In diesem Abschnitt:


Reaktionen auf Ereignisse

Mit Reaktionen auf Ereignisse können Sie Berichts- und Schutzebenen für die folgenden Kategorien konfigurieren:

  • Malware-Ereignisse (unterstützt durch Machine Learning) – Computerviren sind Schadcode, der den vorhandenen Dateien auf Ihrem Computer vorangestellt oder angefügt wird. Allerdings wird der Begriff „Virus“ oft missbraucht. „Malware“ (Schadcode) ist ein präziserer Begriff. Die Malware-Erkennung wird von der Erkennungsroutine zusammen mit der Machine-Learning-Komponente ausgeführt. Weitere Informationen zu diesem Anwendungstyp finden Sie im Glossar.

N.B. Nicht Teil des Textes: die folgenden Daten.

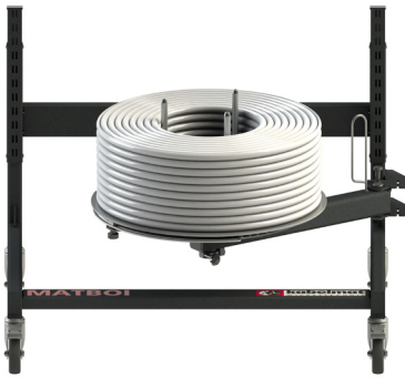
Fig. 12: MATBOI 650 T right
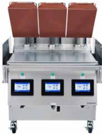
Model XPG36 Shown with flared grease cans
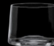
Mineral water 19 48cl 16¼oz H 75mm 3" D 102mm 4" No. 64955 1900
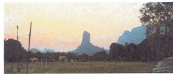
Chochis, where we have a Marian Shrine recalling her intercession to save the local town and rail passengers during massive avalanches in January of 1979.
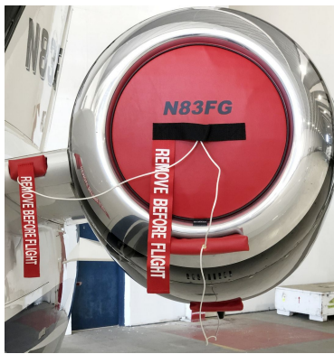
Cessna Citation Mustang 510 Engine Plugs
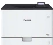
i-SENSYS X C1946P
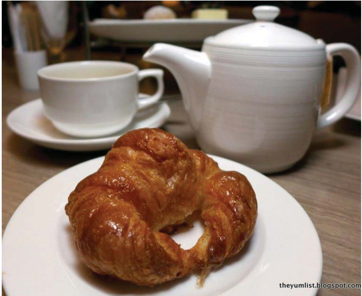
Bread Lounge - Croissants are popular items

Headline: GTower Hotel, Kuala Lumpur Publication: The Yum List ( http://theyumlist.blogspot.com/2015/03/gtower-hotel-kuala-lumpur.html ) Date of Publication: March 16, 2015 Section heading: - Page number: - Byline / Author: By Monica Tindall Outlet featured: GTower Hotel
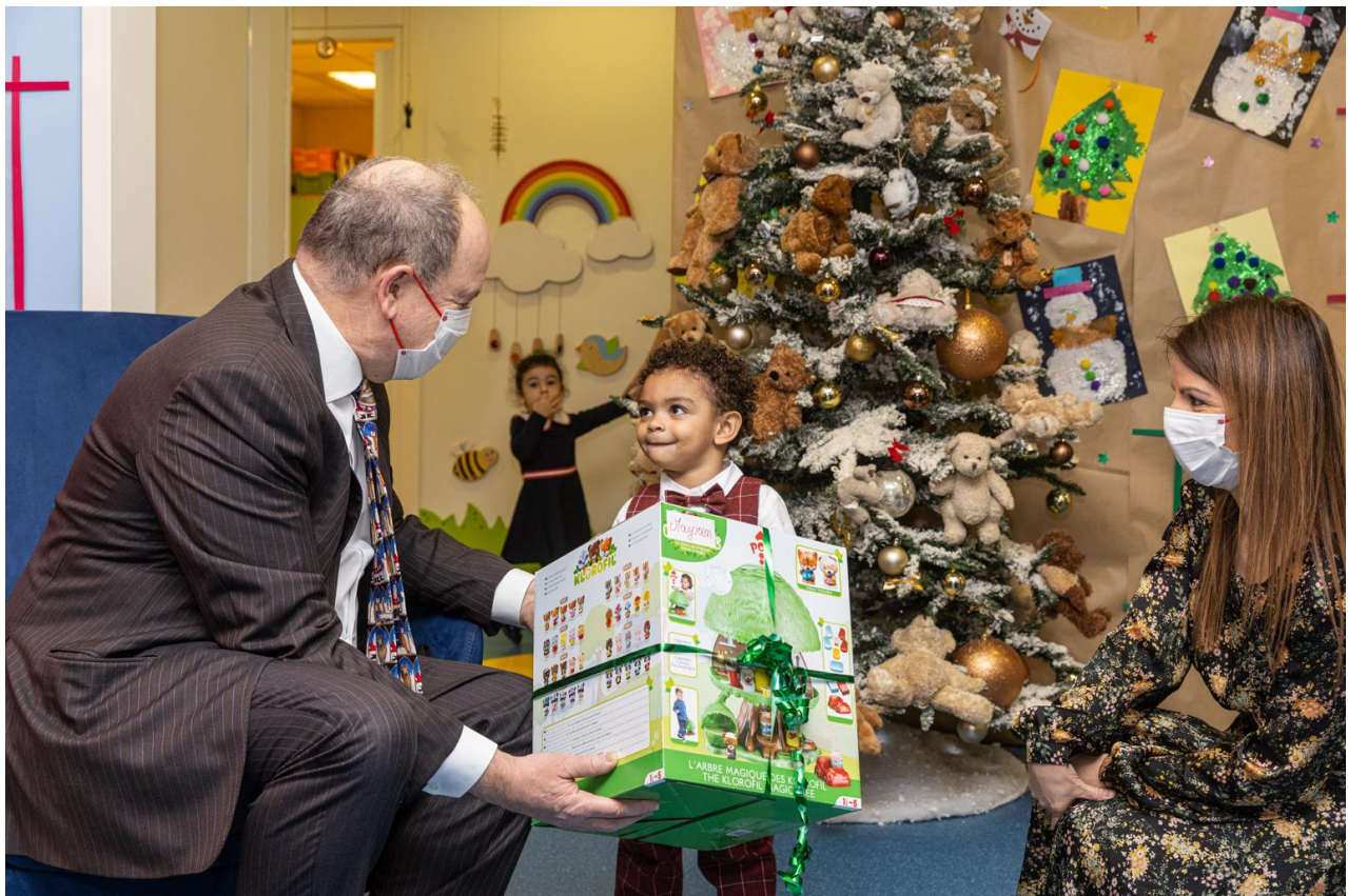
Youth, daycare centre

  • Potenziell unerwünschte Anwendungen - Grayware oder potenziell unerwünschte Anwendungen (PUA) sind verschiedenste Arten von Software, deren Ziel nicht so eindeutig bösartig ist wie bei anderen Arten von Malware wie Viren oder Trojanern. Diese Art von Software kann jedoch weitere unerwünschte Software installieren, das Verhalten des digitalen Geräts ändern oder Aktionen ausführen, denen der Benutzer nicht zugestimmt hat oder die er nicht erwartet. Weitere Informationen zu diesem Anwendungstyp finden Sie im Glossar.
  • Verdächtige Anwendungen sind Programme, die mit Pack- oder Schutzprogrammen komprimiert wurden. Diese Art von Programmen wird häufig von Malware-Autoren eingesetzt, um einer Erkennung zu entgehen.

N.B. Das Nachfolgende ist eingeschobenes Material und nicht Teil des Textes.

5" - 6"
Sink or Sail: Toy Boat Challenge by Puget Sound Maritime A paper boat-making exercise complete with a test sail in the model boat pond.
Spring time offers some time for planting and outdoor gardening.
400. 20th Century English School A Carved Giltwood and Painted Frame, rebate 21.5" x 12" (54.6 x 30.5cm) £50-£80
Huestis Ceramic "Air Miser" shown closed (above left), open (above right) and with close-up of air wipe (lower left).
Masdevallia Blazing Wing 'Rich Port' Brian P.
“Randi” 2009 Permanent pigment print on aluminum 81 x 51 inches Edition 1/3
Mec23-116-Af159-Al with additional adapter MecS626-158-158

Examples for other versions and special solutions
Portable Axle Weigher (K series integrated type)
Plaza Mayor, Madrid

  • Potenziell unsichere Anwendungen - sind gewerbliche Anwendungen, die zu böswilligen Zwecken missbraucht werden können. Beispiele für potenziell unsichere Anwendungen (PUA) sind Programme zum Fernsteuern von Computern (Remotedesktopverbindung), Programme zum Entschlüsseln von Passwörtern und Keylogger (Programme, die Tastendrücke der Benutzer aufzeichnen). Weitere Informationen zu diesem Anwendungstyp finden Sie im Glossar.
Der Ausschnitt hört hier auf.